6 for(i=0; i < 10; i++) // Loop 10 times.
Now we move onto the for loop.
We need to look at rip to see what it is doing next, and as you can see, the next two commands are completing the “for loop” by adding the value 1 to the variable i, therefore incrementing i=1, from i=0.

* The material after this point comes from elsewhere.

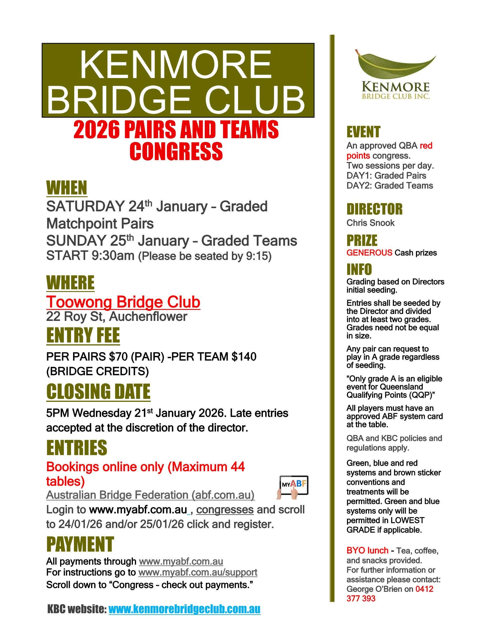 | Graded Matchpoint Pairs | 35 credits | Saturday | 24-01-2026 - 9:30am & 1:30pm | 27 | Enter View Entries |

The second and third command should be very familiar as you have seen it earlier. The cmp command started off the “for loop” by comparing i to the value 9:
(gdb) x/2i $rip
=> 0x40050f : add DWORD PTR [rbp-0x4],0x1
0x400513 : cmp DWORD PTR [rbp-0x4],0x9
0x400517: jle 0x400505
So if i is less than or equal to 9, the above process will repeat again. Lets look at what happens when i=10, therefore ending the “for loop”:
(gdb) nexti
10 return 0; // Tell OS the program exited without errors.
(gdb) x/i $rip
=> 0x400519: mov eax,0x0
The code will execute through and exit without error by zeroing out the value in eax and exiting:
(gdb) nexti
0x00007ffff7a77d90 in __libc_start_main () from /lib/libc.so.6
(gdb) x/i $rip
=> 0x7ffff7a77d90: call 0x7ffff7a92410
So using what you’ve just learned
We can take a look at the fully disassembled C code to see what has been compiled into machine instruction:
minh-mint prog # gdb -q ./a.out
Reading symbols from /home/minh/Desktop/prog/a.out...done.
(gdb) disassemble main
Dump of assembler code for function main:
0x00000000004004f4 : push rbp
0x00000000004004f5 : mov rbp,rsp
0x00000000004004f8 : sub rsp,0x10
0x00000000004004fc : mov DWORD PTR [rbp-0x4],0x0
0x0000000000400503 : jmp 0x400513
0x0000000000400505 : mov edi,0x40060c
0x000000000040050a : call 0x4003f0
0x000000000040050f : add DWORD PTR [rbp-0x4],0x1
0x0000000000400513 : cmp DWORD PTR [rbp-0x4],0x9
0x0000000000400517 : jle 0x400505
0x0000000000400519 : mov eax,0x0
0x000000000040051e : leave
0x000000000040051f : ret
End of assembler dump.
(gdb) list
1
2
3 int main()
4 {
5 int i;
6 for(i=0; i < 10; i++) // Loop 10 times.
7 {
8 puts("Hello, world!\n"); // put "Hello World" to the output.
9 }
10 return 0; // Tell OS the program exited without errors.
11 {
I hope you guys have enjoy this short blog post, which should hopefully provide some additional information to aid in the transition from the Gray Hat Hacking Book, to the Shellcoder’s Handbook. Furthering your progress to becoming a successful reverse engineer.